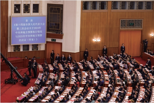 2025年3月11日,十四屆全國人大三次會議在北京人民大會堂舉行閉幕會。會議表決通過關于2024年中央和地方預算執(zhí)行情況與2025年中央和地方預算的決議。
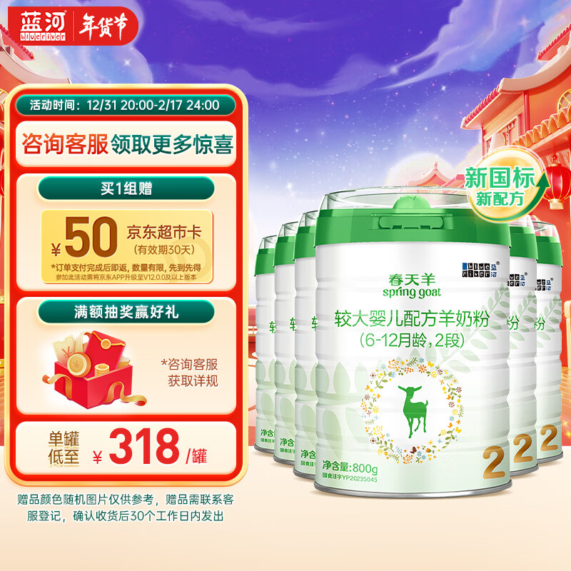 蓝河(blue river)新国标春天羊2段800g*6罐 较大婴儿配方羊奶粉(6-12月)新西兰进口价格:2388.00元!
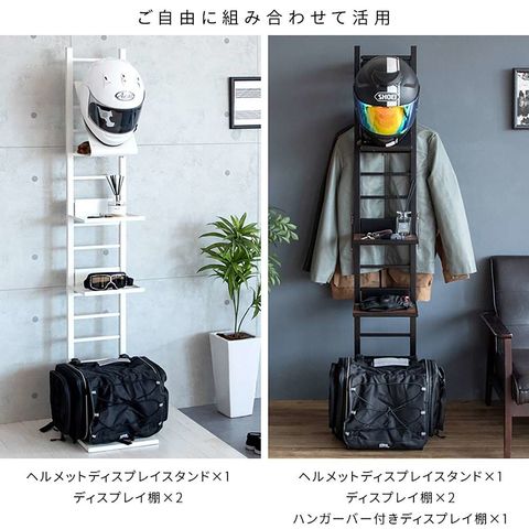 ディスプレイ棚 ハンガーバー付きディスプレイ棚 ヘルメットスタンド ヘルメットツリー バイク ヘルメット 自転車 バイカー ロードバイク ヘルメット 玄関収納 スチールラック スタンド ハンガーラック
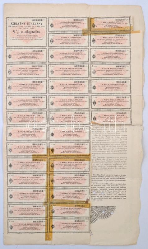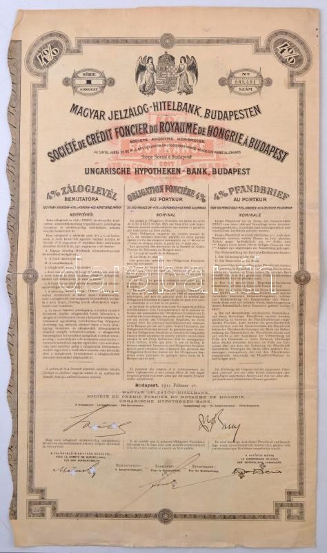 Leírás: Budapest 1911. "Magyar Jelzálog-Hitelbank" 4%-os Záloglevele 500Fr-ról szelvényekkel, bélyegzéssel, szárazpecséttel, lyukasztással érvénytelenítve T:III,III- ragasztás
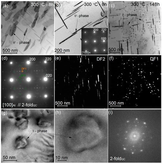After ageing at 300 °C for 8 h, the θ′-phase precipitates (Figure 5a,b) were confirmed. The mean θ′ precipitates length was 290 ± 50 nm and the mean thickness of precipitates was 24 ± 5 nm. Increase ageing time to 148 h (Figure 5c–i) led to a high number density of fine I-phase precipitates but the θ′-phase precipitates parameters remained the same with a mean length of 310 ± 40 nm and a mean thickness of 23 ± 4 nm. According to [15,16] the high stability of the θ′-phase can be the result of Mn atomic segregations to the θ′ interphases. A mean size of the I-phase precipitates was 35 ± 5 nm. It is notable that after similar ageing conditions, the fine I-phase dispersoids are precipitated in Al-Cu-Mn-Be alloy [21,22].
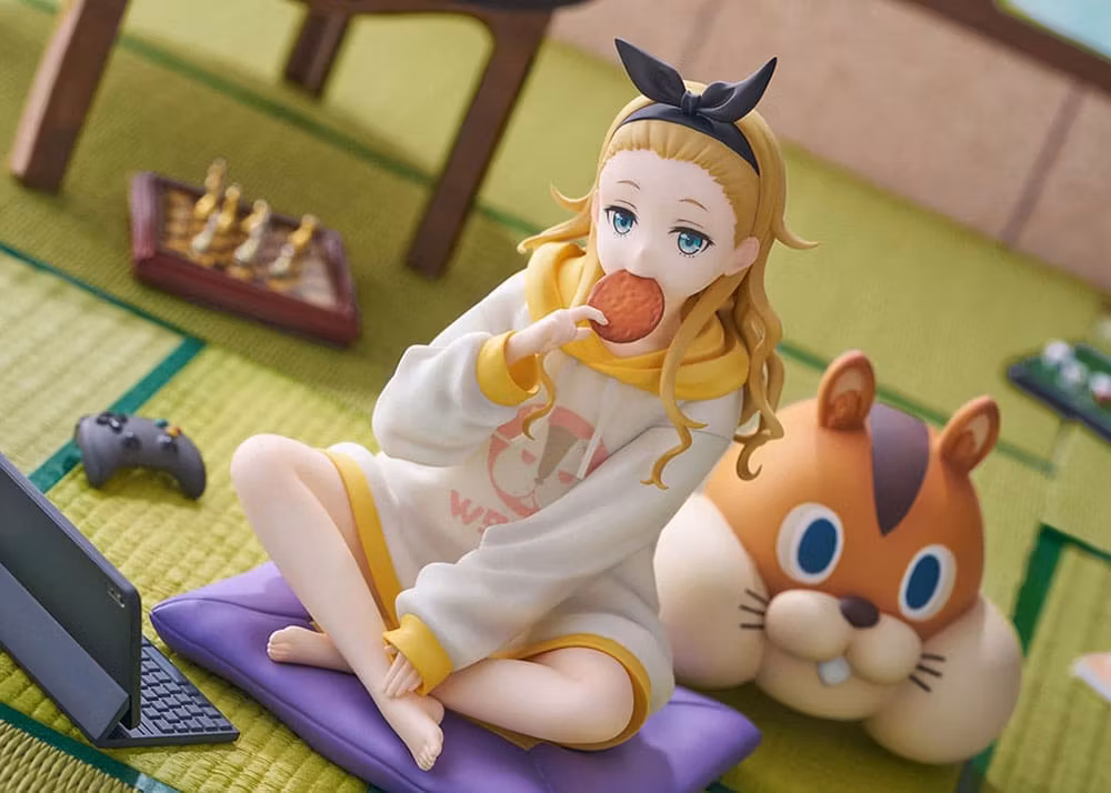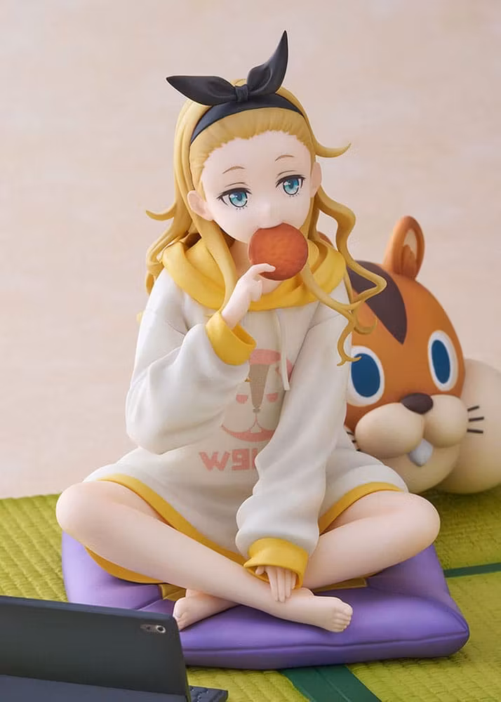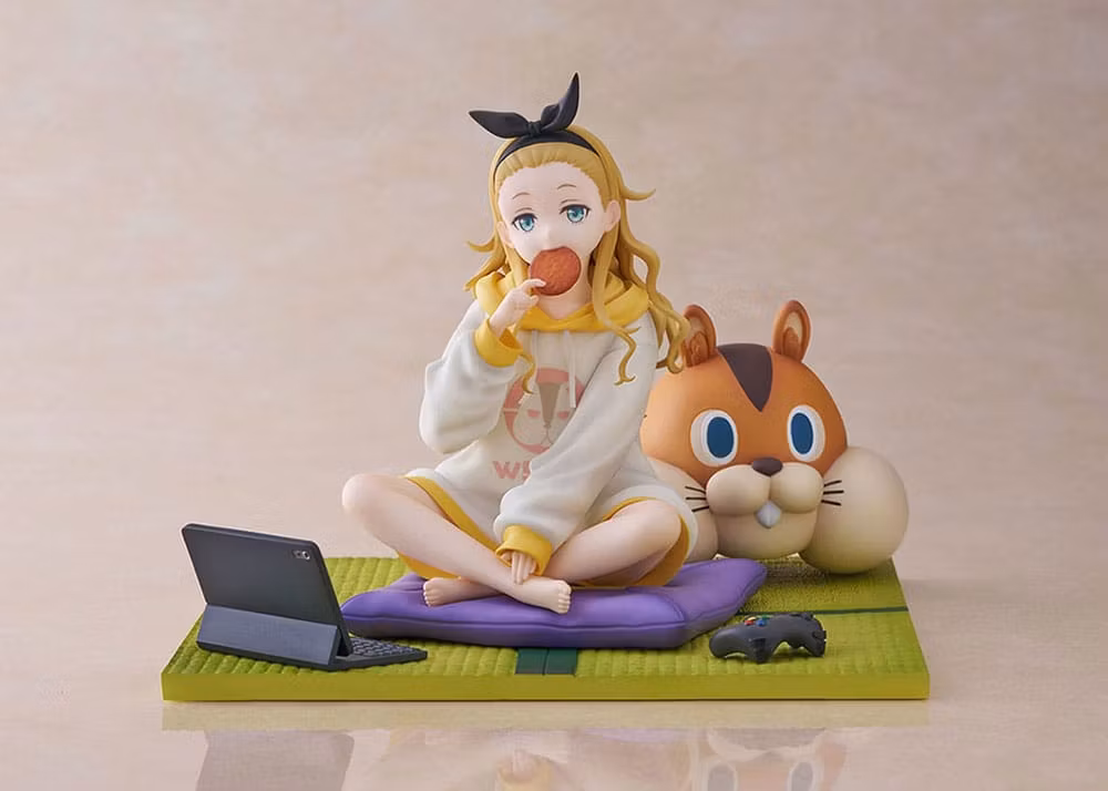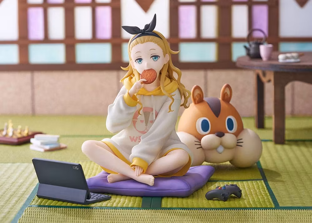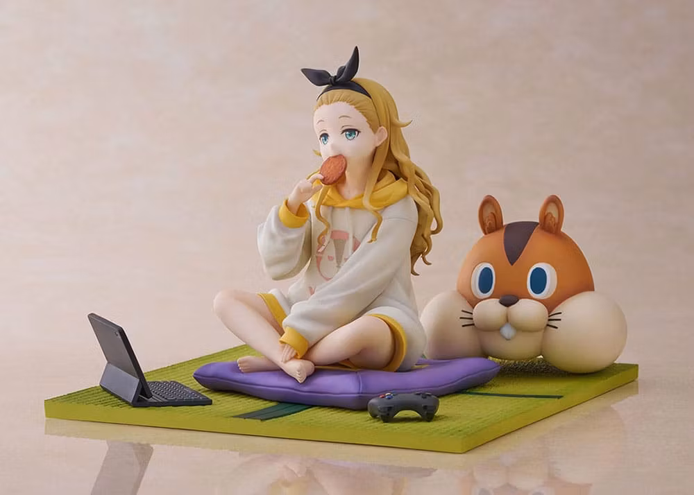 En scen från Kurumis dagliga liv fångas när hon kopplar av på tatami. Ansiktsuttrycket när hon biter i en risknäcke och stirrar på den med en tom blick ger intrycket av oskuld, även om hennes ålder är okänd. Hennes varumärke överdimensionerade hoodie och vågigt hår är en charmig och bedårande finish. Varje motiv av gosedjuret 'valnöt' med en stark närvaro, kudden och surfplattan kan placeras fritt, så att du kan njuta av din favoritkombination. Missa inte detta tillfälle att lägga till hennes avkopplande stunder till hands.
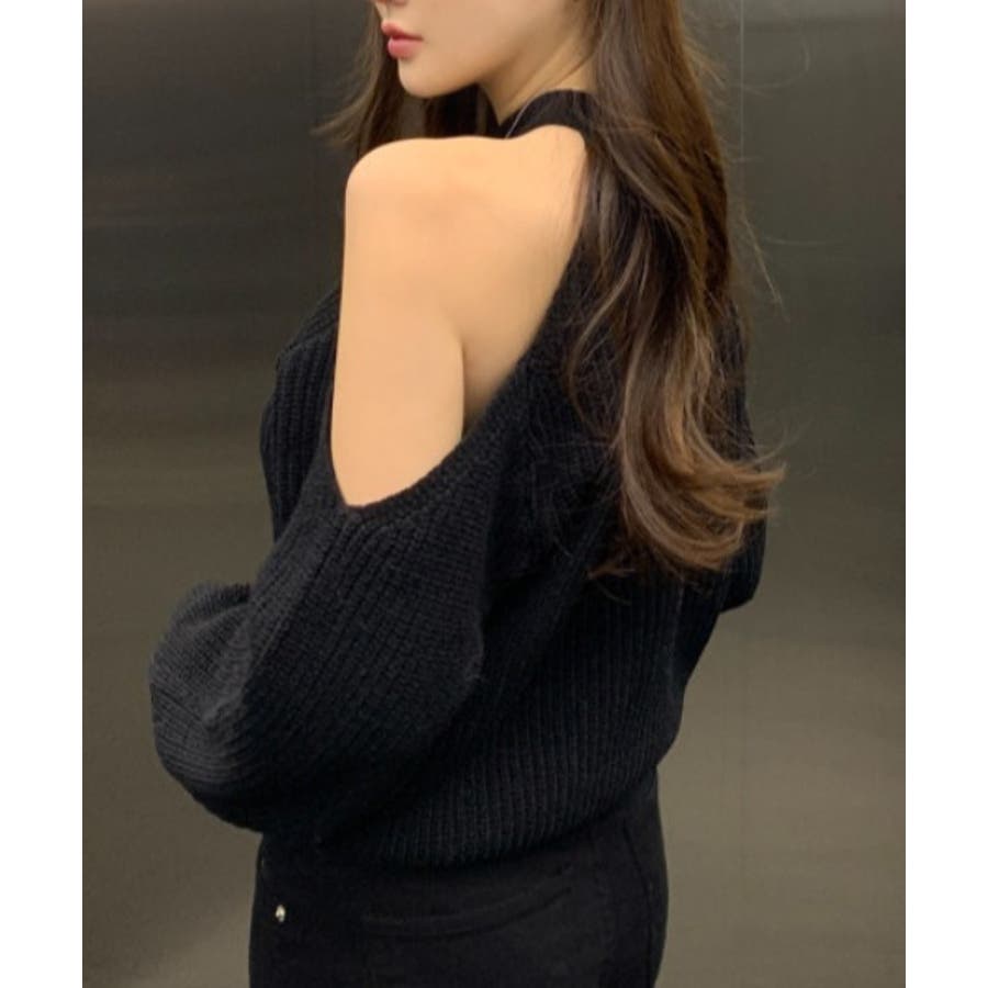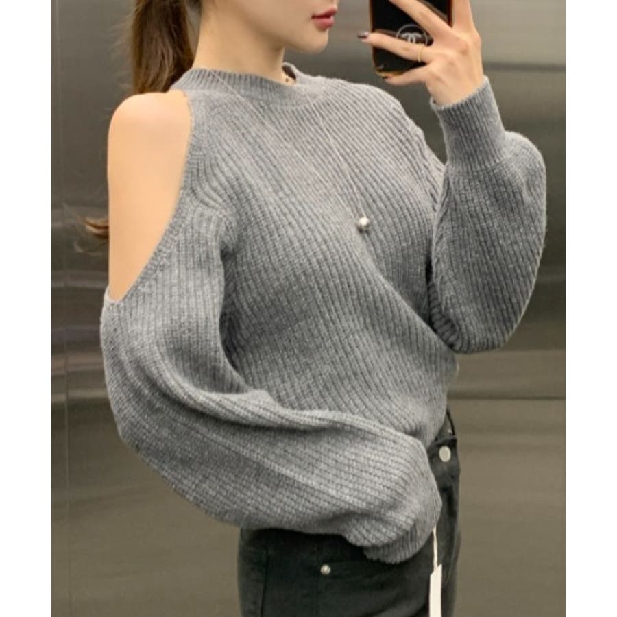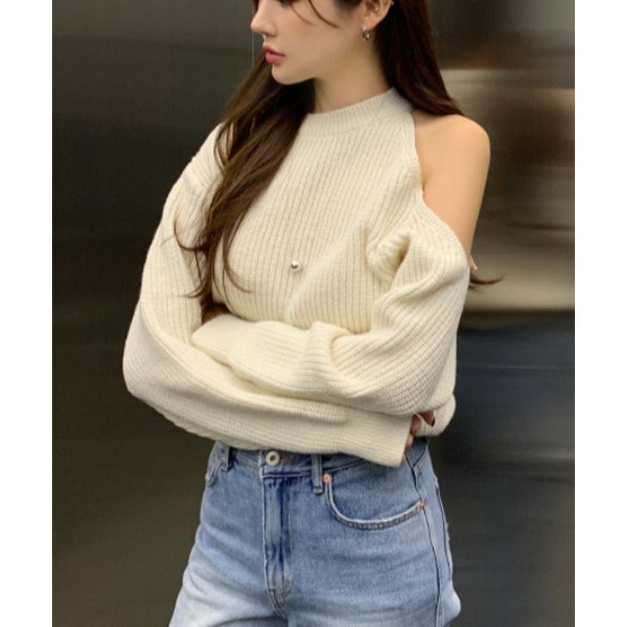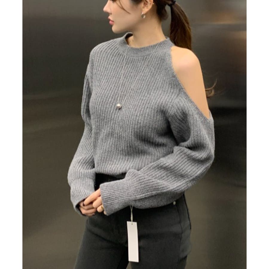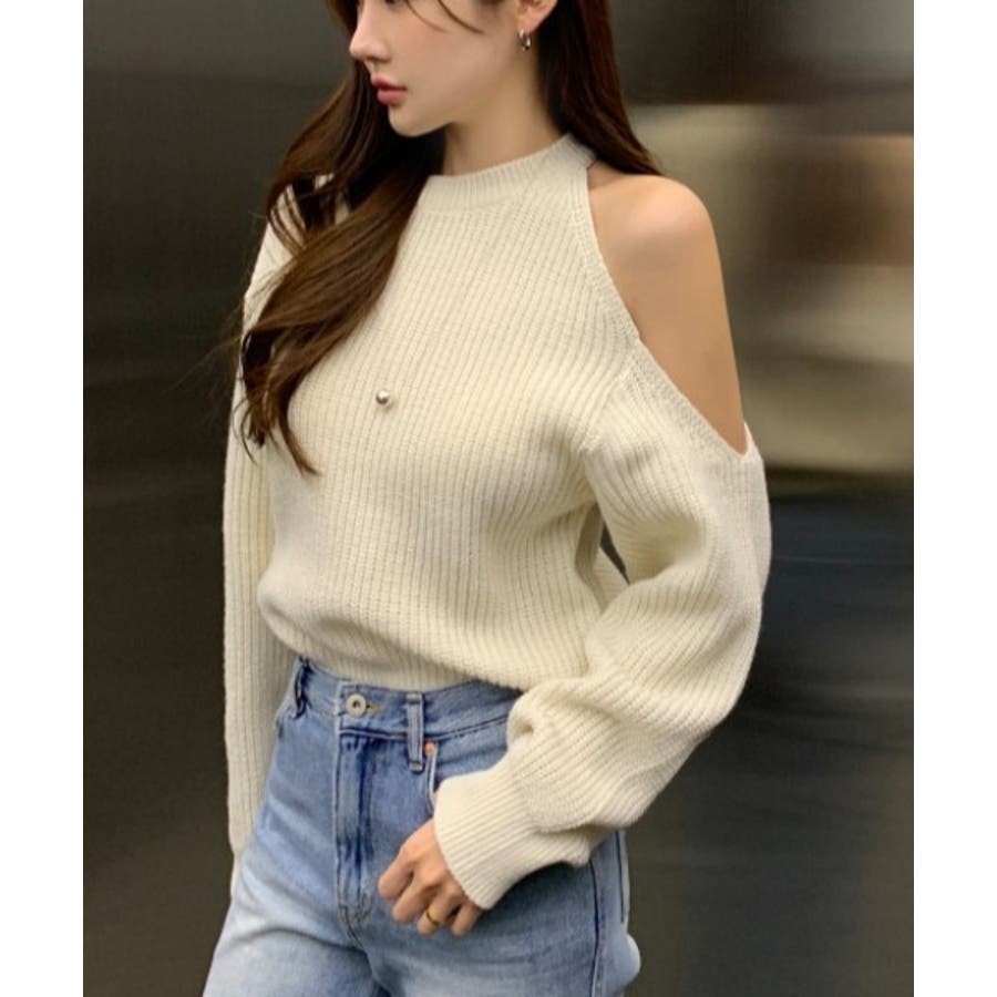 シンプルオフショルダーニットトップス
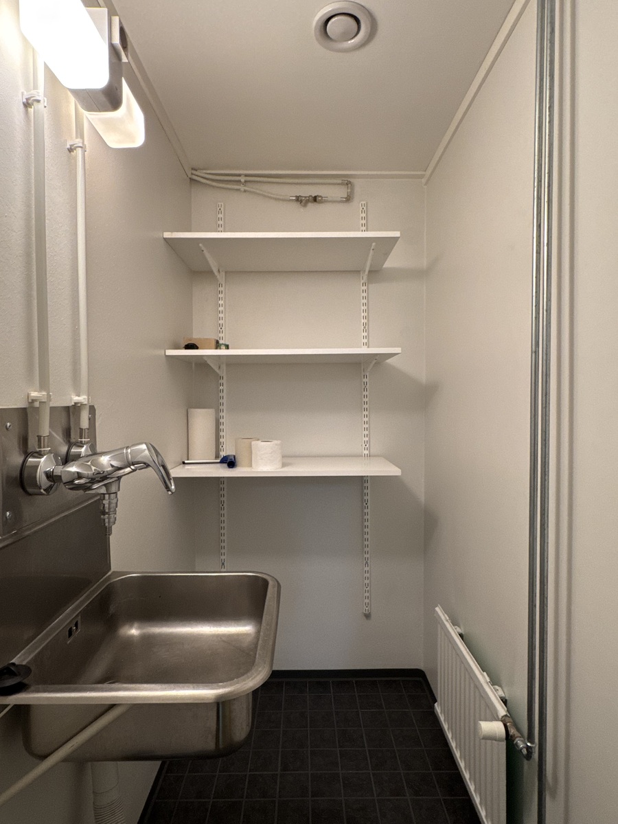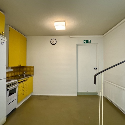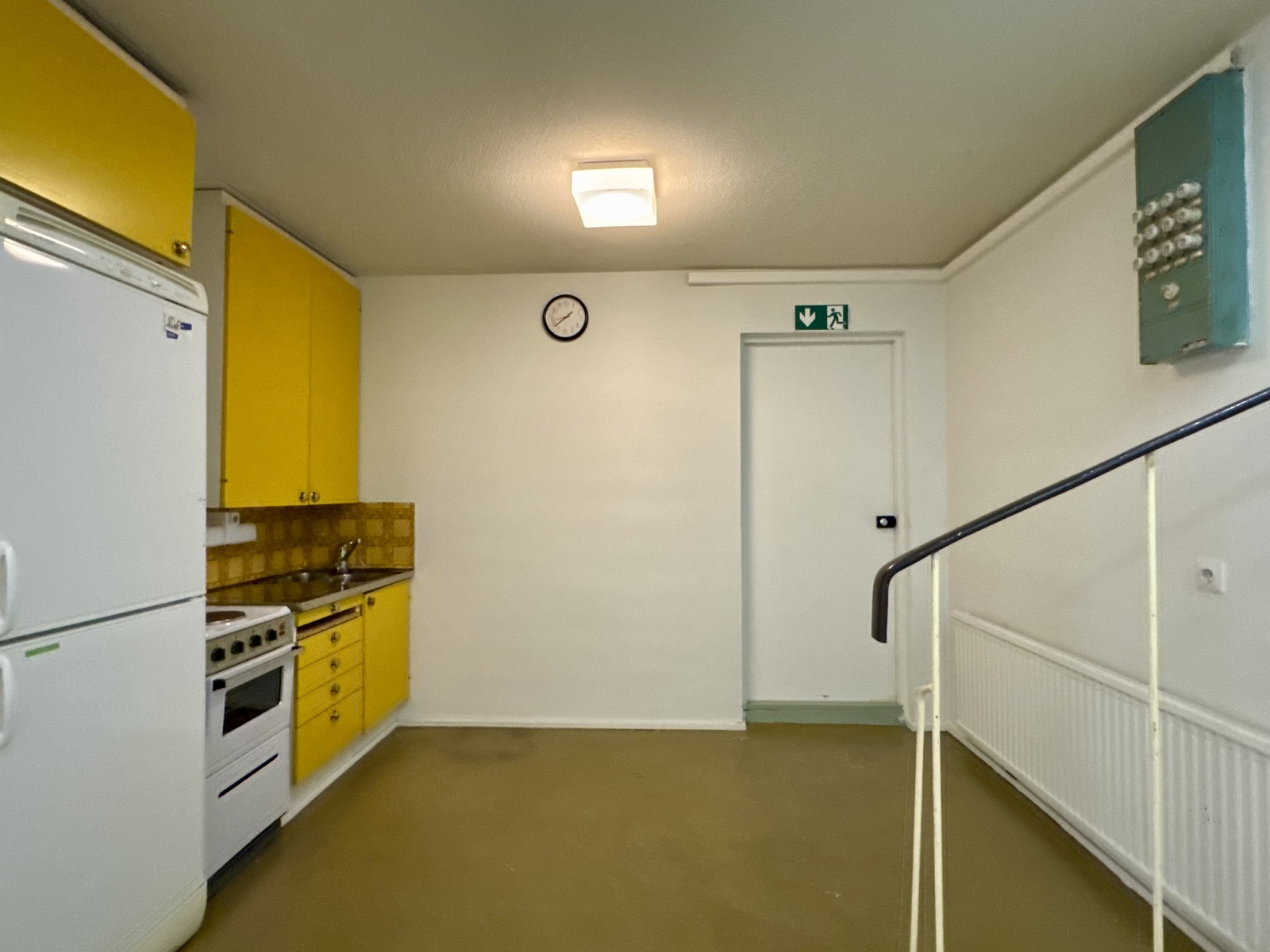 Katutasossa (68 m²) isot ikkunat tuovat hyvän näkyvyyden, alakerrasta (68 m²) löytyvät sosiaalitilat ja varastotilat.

### Work request:
What should be set down is every line from the opening of the records through the line that contains "Leírás: Budapest 1911.", exactly, with pictures left out.

### Expected output:
 2025年3月11日,十四屆全國人大三次會議在北京人民大會堂舉行閉幕會。會議表決通過關于2024年中央和地方預算執(zhí)行情況與2025年中央和地方預算的決議。
 蓝河(blue river)新国标春天羊2段800g*6罐 较大婴儿配方羊奶粉(6-12月)新西兰进口价格:2388.00元!
 ディスプレイ棚 ハンガーバー付きディスプレイ棚 ヘルメットスタンド ヘルメットツリー バイク ヘルメット 自転車 バイカー ロードバイク ヘルメット 玄関収納 スチールラック スタンド ハンガーラック
 Leírás: Budapest 1911. "Magyar Jelzálog-Hitelbank" 4%-os Záloglevele 500Fr-ról szelvényekkel, bélyegzéssel, szárazpecséttel, lyukasztással érvénytelenítve T:III,III- ragasztás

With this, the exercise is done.